**What you should do:**
With the pictures left out, print exactly the lines below that run from the one containing "1000 Pesetas. 23" through the one containing "Graff Camden Bateria".

Dataset entries
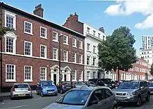 At the Deansgate entrance to St John Street is a Grade II listed K6 telephone box. Dating from 1935, it follows the design of Sir George Gilbert Scott, introduced to celebrate the Silver Jubilee of King George V.[10] The start of the street was the subject of reconstruction and rebuilding in the 20th century, but its remaining length dates from the late Georgian and Regency periods. Built in red/brown brick, and mainly of three storeys, the buildings are all listed at Grade II. The run of houses begins with Nos. 8 and 8A,[11] and continues with No.10, [12] both on the right-hand side of the street; Nos. 11–17,[13] No.19[14] and Nos. 21–25,[15] all on the left-hand side; and Nos. 12–16,[16] Nos. 18 and 20,[17] No.22,[18] No.24,[19] Nos. 24A and 26,[20] and No.28 on the right-hand side.[21]
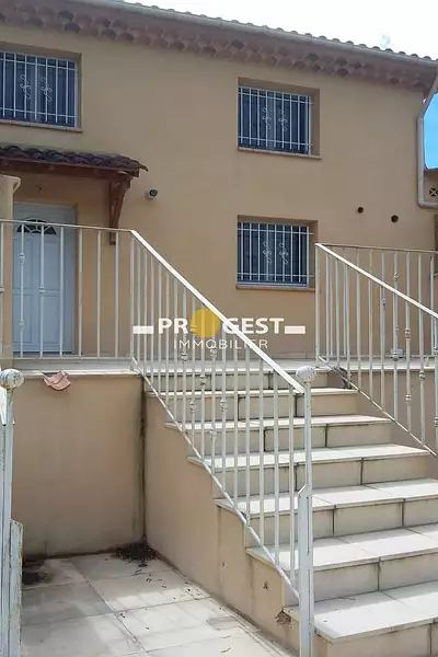 LA DESTROUSSE: Trés jolie maison mitoyenne récente T4 de 90m² avec terrasse, cave, composée d'un séjour, cuisine aménagée et équipée, grand placard, toilettes, à l'étage: 3 chambres, salle d'eau avec toilettes, au calme, à saisir.
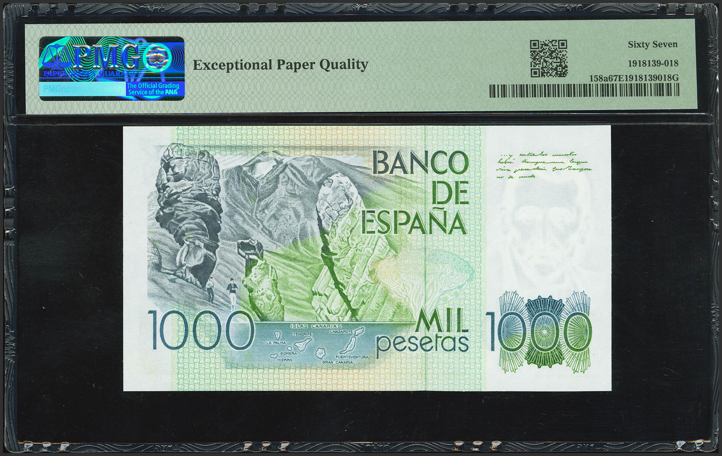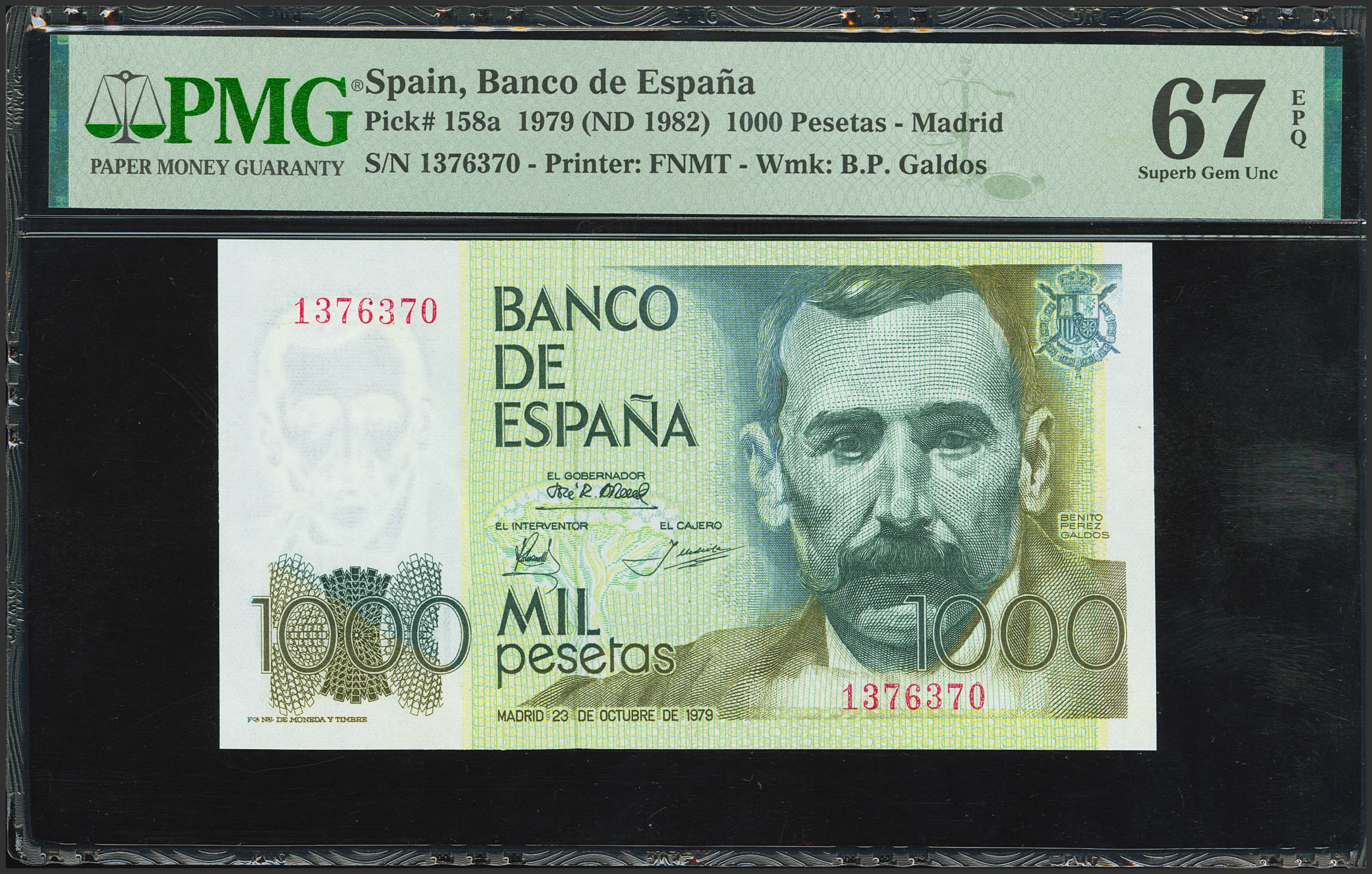 1000 Pesetas. 23 de Octubre de 1979. Sin serie. (Edifil 2023: 477, Pick: 158a). SC. Encapsulado PMG67EPQ.
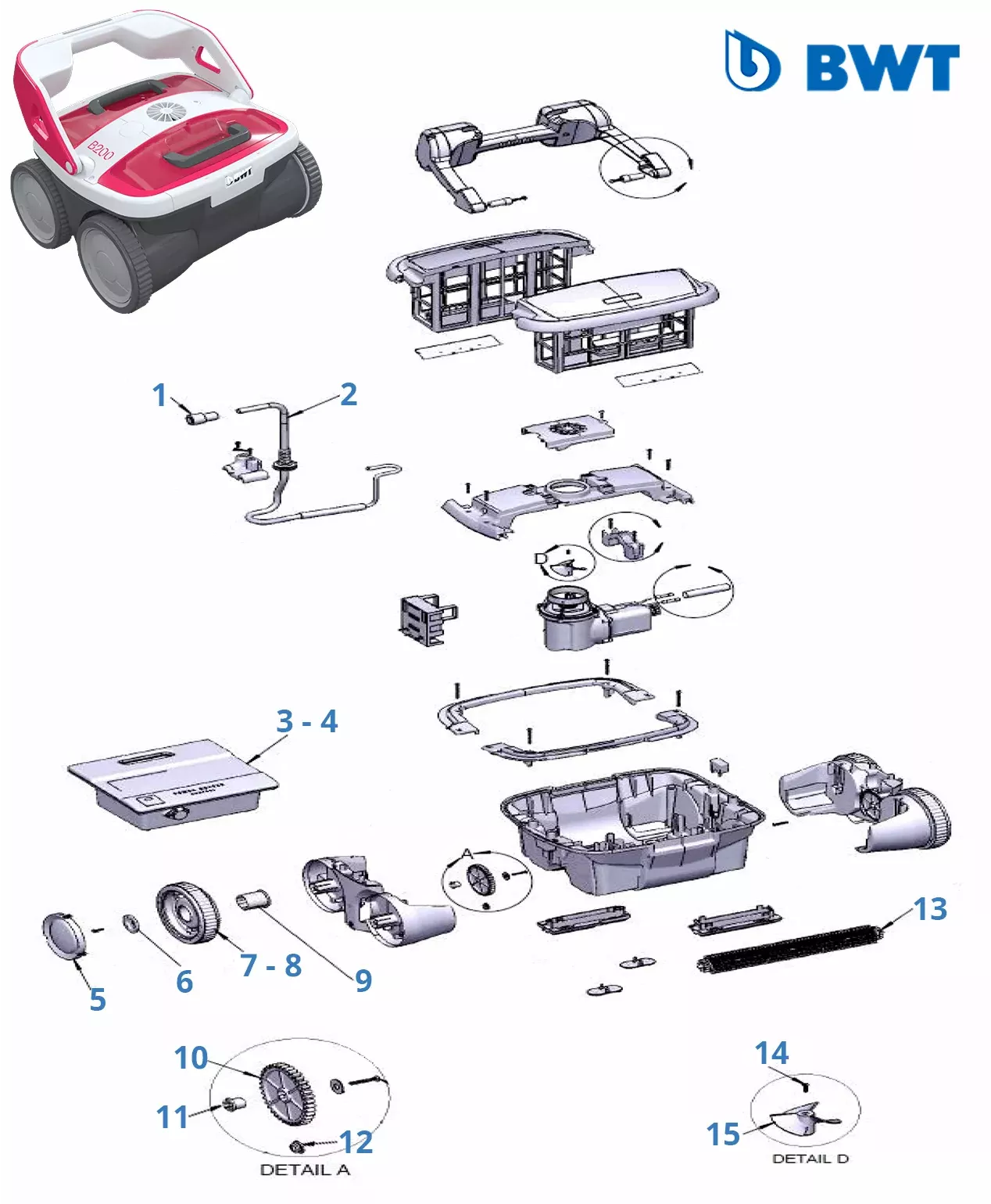Onderdelen voor zwembadreinigers BWT
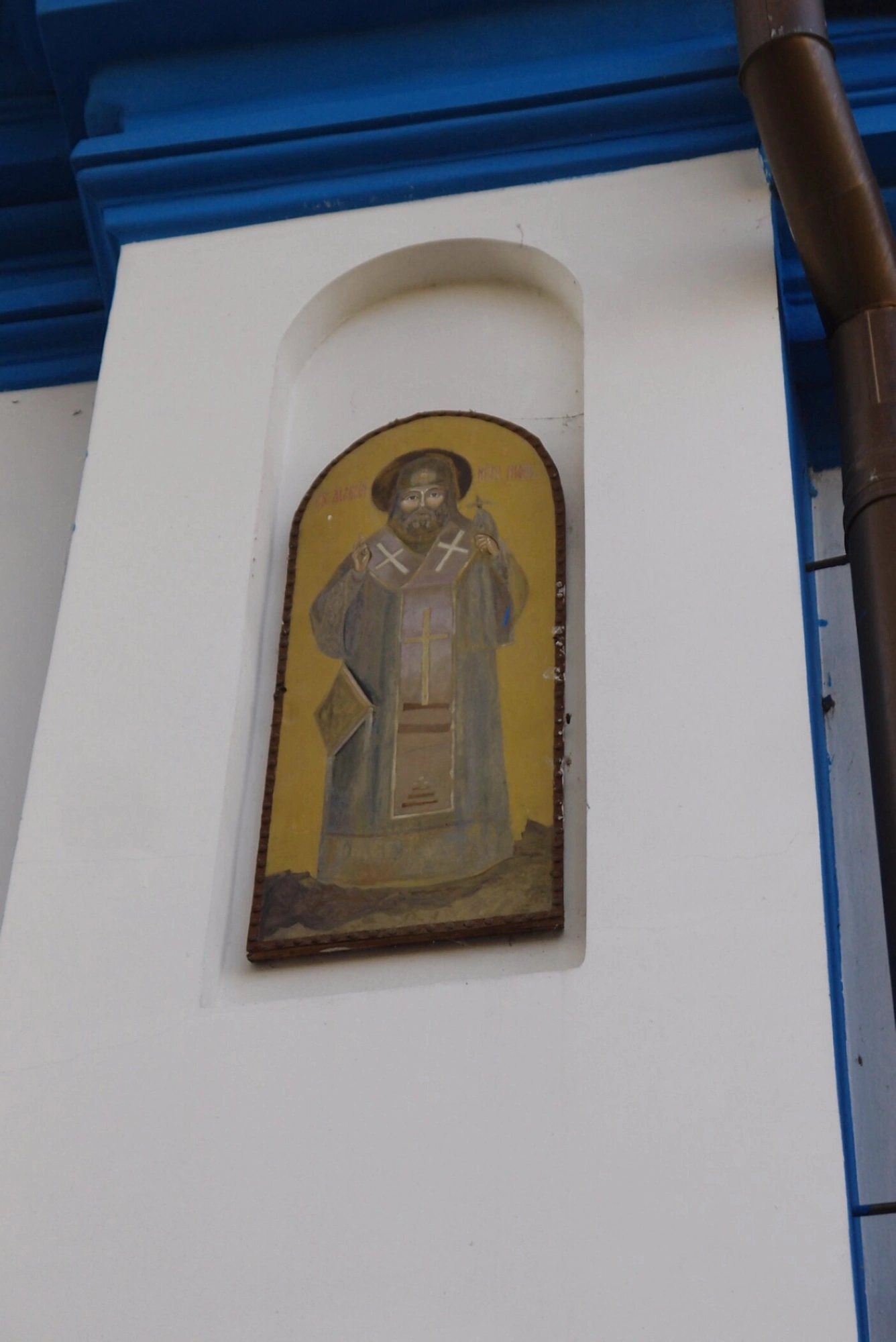 Икона изображает святого, облачённого в традиционные святительские одежды. В его деснице находится крест, символизирующий мученический подвиг или служение Господу, а в левой руке он держит Священное Писание, что указывает на его причастность к проповеди Слова Божия. По иконографическим признакам можно предположить, что на фреске представлен один из святых отцов или святителей Православной Церкви.
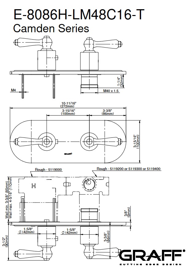 Graff Camden Bateria natryskowa termostatyczna 2-uchwytowa podtynkowa - element zewnętrzny Chrom E-8086H-LM48E0-T
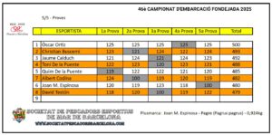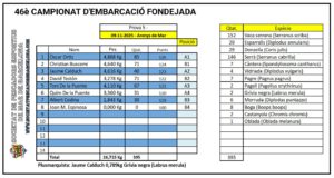El 5 d’abril era la data on s’havia de celebrar la darrera prova del Campionat, però enguany hem tingut un hivern i una primavera força remoguts a nivell de meteorologia amb molts temporals i més pluja de l’habitual, de manera que molts dels calendaris d’activitats a l’aire lliure van patir nombrosos canvis i el nostre, pescant i a més des d’embarcació no en va quedar al marge. Amb la càrrega de proves a diferents categories i també disciplines dels nostres esportistes, juntament amb la disponibilitat dels patrons ens han portat a traslladar fins al novembre la darrera i definitiva prova del campionat, on tot i ja tenir matemàticament un campió, la resta de les posicions del campionat encara són obertes, amb quatre esportistes disputant-se el dos graons del podi encara sense decidir.
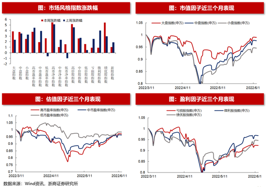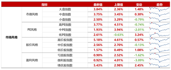 上周大盘指数、高PE指数、高价股指数、绩优股指数表现相对占优。上周市值风格中,大盘/中盘/小盘指数涨跌幅分别为3.84%、3.75%、2.5%。PE风格中,高PE/中PE/低PE指数涨跌幅分别为3.77%、1.93%、2.61%。股价风格中,高价股/中价股/低价股指数的涨跌幅分别为5.18%、2.56%、1.57%。盈利风格中,亏损股/微利股/绩优股指数的涨跌幅分别为0.9%、0.92%、5.43%。

**Reply:**
 1000 Pesetas. 23 de Octubre de 1979. Sin serie. (Edifil 2023: 477, Pick: 158a). SC. Encapsulado PMG67EPQ.
Onderdelen voor zwembadreinigers BWT
 Икона изображает святого, облачённого в традиционные святительские одежды. В его деснице находится крест, символизирующий мученический подвиг или служение Господу, а в левой руке он держит Священное Писание, что указывает на его причастность к проповеди Слова Божия. По иконографическим признакам можно предположить, что на фреске представлен один из святых отцов или святителей Православной Церкви.
 Graff Camden Bateria natryskowa termostatyczna 2-uchwytowa podtynkowa - element zewnętrzny Chrom E-8086H-LM48E0-T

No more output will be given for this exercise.